Re: [PATCH] Percpu tag allocator

From: Andrew Morton
Date: Thu Jun 13 2013 - 01:46:49 EST

On Wed, 12 Jun 2013 20:54:32 -0700 Kent Overstreet <koverstreet@xxxxxxxxxx> wrote:

> On Wed, Jun 12, 2013 at 08:03:11PM -0700, Andrew Morton wrote:
> > On Wed, 12 Jun 2013 19:05:36 -0700 Kent Overstreet <koverstreet@xxxxxxxxxx> wrote:
> >
> > > ...
> > >
> > > > Why can't we use ida_get_new_above()?
> > > >
> > > > If it is "speed" then how bad is the problem and what efforts have
> > > > been made to address them within the idr code? (A per-cpu magazine
> > > > frontend to ida_get_new_above() might suit).
> > > >
> > > > If it is "functionality" then what efforts have been made to
> > > > suitably modify the ida code?
> > >
> > > Originally, it was because every time I opened idr.[ch] I was confronted
> > > with an enormous pile of little functions, with very little indication
> > > in the way of what they were all trying to do or which ones I might want
> > > to start with.
> > >
> > > Having finally read enough of the code to maybe get a handle on what
> > > it's about - performance is a large part of it, but idr is also a more
> > > complicated api that does more than what I wanted.
> >
> > They all sound like pretty crappy reasons ;) If the idr/ida interface
> > is nasty then it can be wrapped to provide the same interface as the
> > percpu tag allocator.
> Well, the way I see it right now, idr and this tag allocator are doing
> two somewhat different things and I'm really not sure how one piece of
> code could do both jobs.
> Supposing idr could be made percpu and just as fast as my tag allocator:

We don't know how fast either is, nor what the performance requirements are.

> the problem is, using idr where right now I'd use the tag allocator
> forces you to do two allocations instead of one:
> First, you allocate your idr slot - but now that has to point to
> something, so you need a kmem_cache_alloc() too.

Only a single allocation is needed - for the bit used to reserve
ida_get_new_above()'s ID, plus epsilon for idr metadata.
ida_get_new_above() will call kmalloc approximately 0.001 times per

> So right now at least I honestly think letting the tag allocator and idr
> be distinct things is probably the way to go.

That depends on performance testing results and upon performance
requirements. Neither are known at this time.

> (now someone will point out to me all the fancy percpu optimizations in
> idr I missed).

idr use percpu data for reliability, not for performance.

Cross-cpu costs might be significant. There are surely ways to reduce
them.
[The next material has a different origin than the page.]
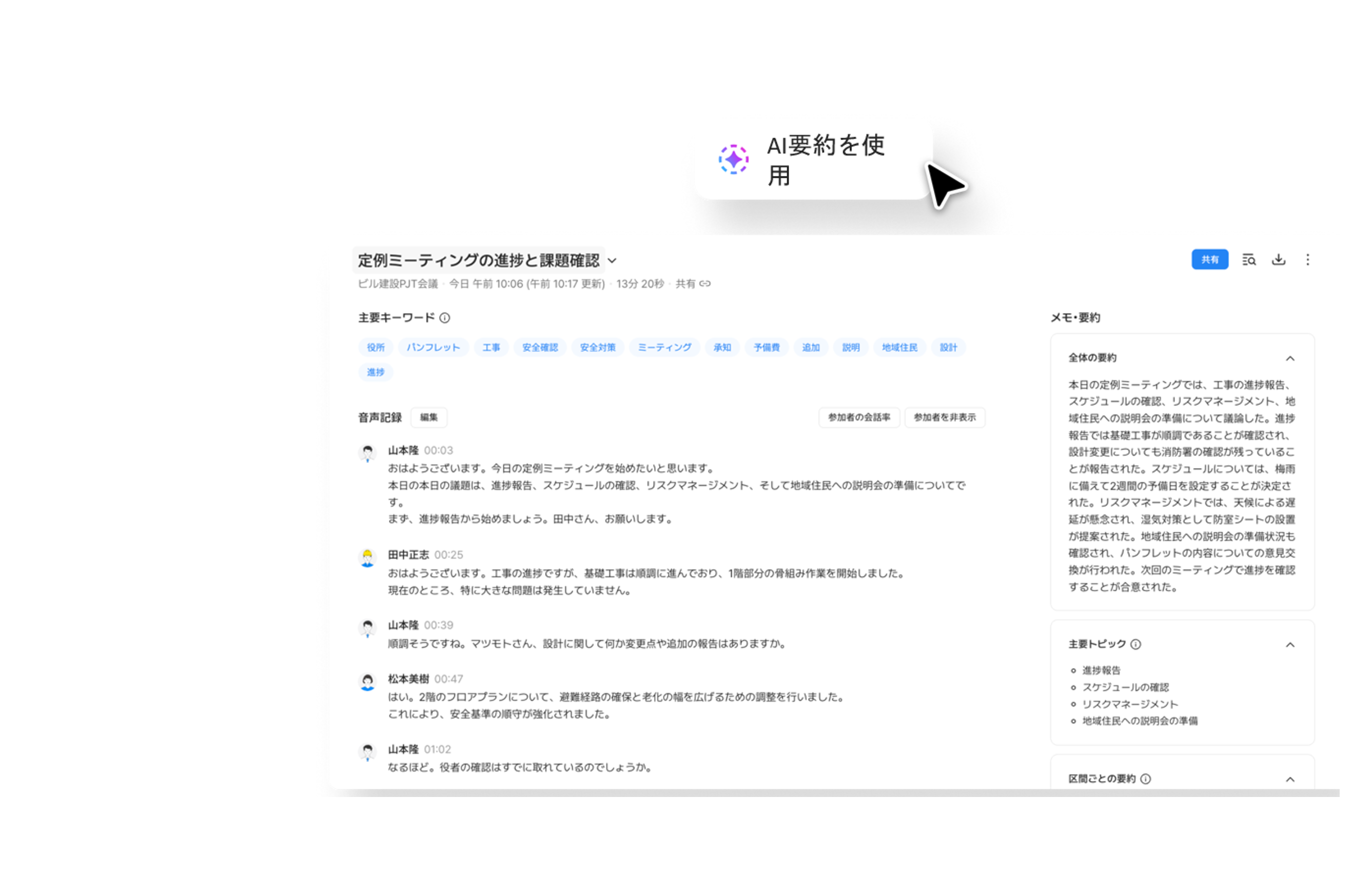 AIで会議の全体の要約や主要トピックを確認でき、区間ごとの要約を見ることができます。

I could suggest one but I've found that when I make a
suggestion, others busily work on shooting down my suggestion while
avoiding thinking of their own ideas.

> > I think all this could be done with test_and_set_bit() and friends,
> > btw. xchg() hurts my brain.
> Ahh, you were talking about with a slightly bigger rework.

Not really. Just that the xchg() in this code could be replaced in a
straightforward fashion with test_and_set_bit(). Or maybe not.

> > > You mean if a GFP_NOWAIT allocation fails? It's the same as any other
> > > allocation, I suppose.
> > >
> > > Did you have something else in mind that could be implemented? I don't
> > > want to add code for a reserve to this code - IMO, if a reserve is
> > > needed it should be done elsewhere (like how mempools work on top of
> > > existing allocators).
> >
> > Dunno, really - I'm just wondering what the implications of an
> > allocation failure will be. I suspect it's EIO? Which in some
> > circumstances could be as serious as total system failure (loss of
> > data), so reliability/robustness is a pretty big deal.
> Ahh. That's just outside the scope of this code - IME, in driver code
> GFP_NOWAIT allocations are not the norm - most tags are created when
> you're submitting a bio or processing a request, and then you're in
> process context. But in your error handling code you could also need to
> allocate tags to resubmit things - that'd be an issue if you're silly
> enough to stick all your error handling code in your interrupt handling
> path.

Our experience with alloc_pages(GFP_ATOMIC) has no relevance to this
code, because this code doesn't call alloc_pages()! Instead of failing
if page reserves are exhausted, it will fail if no tags are available
in this new data structure.

The reliability (or otherwise) of alloc_pages(GFP_ATOMIC) is well
understood whereas the reliability of percpu_tag_alloc(GFP_ATOMIC) is
not understood at all. So let us think about both this and about the
consequences of allocation failures.

> > Another thing: CPU hot-unplug. If it's "don't care" then the
> > forthcoming changelog should thoroughly explain why, please. Otherwise
> > it will need a notifier to spill back any reservation.
> Oh - doesn't care, becasue steal_tags() will eventually get it. We
> _could_ satisfy more allocations if we had a notifier - but we'll still
> meet our guarantees and it's absolutely not a correctness issue, so I
> lean towards just leaving it out.

I agree. It's a design decision which should be explained and justified
in the changelog, please.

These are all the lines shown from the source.